ZIMBABWE Parks and Wildlife Management Authority says sleeping sickness infections were on the rise in tsetse fly-infested Zambezi valley.
REPORT BY EVERSON MUSHAVA CHIEF REPORTER
Six new cases had been reported this year, three of which were recorded last month alone, an official said.
Victims included two tourists and a professional hunter, while a ranger succumbed to the disease last year.
Sleeping sickness is a tropical disease spread by the bite of an infected tsetse fly.
It attacks the central nervous system and can kill if one is not treated in time.

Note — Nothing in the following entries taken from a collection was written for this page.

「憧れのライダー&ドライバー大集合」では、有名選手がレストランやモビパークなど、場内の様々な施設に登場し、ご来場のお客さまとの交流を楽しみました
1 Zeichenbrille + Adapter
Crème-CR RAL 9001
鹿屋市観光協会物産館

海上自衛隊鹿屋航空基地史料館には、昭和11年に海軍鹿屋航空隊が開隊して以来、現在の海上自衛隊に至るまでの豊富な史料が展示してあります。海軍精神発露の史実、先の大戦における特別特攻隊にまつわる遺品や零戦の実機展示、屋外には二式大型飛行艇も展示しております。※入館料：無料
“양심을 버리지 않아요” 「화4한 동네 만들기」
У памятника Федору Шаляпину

Parks spokesperson Caroline Washaya-Moyo said her organisation was concerned with the increase in cases of the disease and urged the government, through the Tsetse Control Division, to urgently implement a control programme in the Zambezi valley to save lives of rangers and tourists.
Tsetse flies are most commonly found in Mana Pools, Chewore, Matusadona, National Parks, Sapi, Hurungwe, Dande and Charara Safari areas where parks officers spend most of their time conducting anti-poaching activities.

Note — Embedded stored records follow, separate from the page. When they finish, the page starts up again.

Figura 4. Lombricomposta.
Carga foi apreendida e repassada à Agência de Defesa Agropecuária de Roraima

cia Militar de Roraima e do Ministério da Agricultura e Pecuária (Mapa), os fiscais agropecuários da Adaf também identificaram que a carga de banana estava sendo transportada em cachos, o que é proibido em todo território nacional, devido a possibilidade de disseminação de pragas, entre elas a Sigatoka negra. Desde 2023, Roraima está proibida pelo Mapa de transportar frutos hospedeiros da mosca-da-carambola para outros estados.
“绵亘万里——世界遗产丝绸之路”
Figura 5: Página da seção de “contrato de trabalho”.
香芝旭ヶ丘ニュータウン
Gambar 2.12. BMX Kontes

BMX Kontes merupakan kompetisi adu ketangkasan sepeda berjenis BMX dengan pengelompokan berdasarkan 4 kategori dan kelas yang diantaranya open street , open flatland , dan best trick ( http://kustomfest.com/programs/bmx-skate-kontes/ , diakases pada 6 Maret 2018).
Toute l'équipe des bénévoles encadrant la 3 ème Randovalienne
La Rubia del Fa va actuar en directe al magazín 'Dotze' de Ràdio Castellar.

Part of Mana Pools is globally recognised as a Unesco World Heritage Site with a large traffic of tourists.
“This will not only save the lives of parks staff, but other residents and tourists visiting the area,” Washaya-Moyo said.

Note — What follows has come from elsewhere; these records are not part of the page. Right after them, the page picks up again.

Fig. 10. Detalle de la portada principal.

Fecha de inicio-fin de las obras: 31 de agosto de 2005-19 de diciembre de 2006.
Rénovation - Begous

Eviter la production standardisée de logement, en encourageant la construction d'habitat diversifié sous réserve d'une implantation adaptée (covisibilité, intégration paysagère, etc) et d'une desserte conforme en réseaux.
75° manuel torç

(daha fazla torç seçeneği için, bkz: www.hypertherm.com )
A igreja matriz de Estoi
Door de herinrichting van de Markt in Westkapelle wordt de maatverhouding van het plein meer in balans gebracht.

She said more worrying was the fact that there were no health facilitates in the Zambezi valley — which is also prone to malaria — to immediately attend to victims.
As a result, most Zimbabweans have to cross over to Zambia for medical treatment.
Most of the people diagnosed of the disease, Washaya-Moyo said, were admitted at Mutenderi Mission Hospital in Zambia and others were referred to University Teaching Hospital in Lusaka in the event that the situation deteriorated. She said all victims who had been referred to Zambia were successfully treated.
“We do have health centres this side of the boarder, but most of the time, there is an acute shortage of drugs in the Zambezi valley,” she said.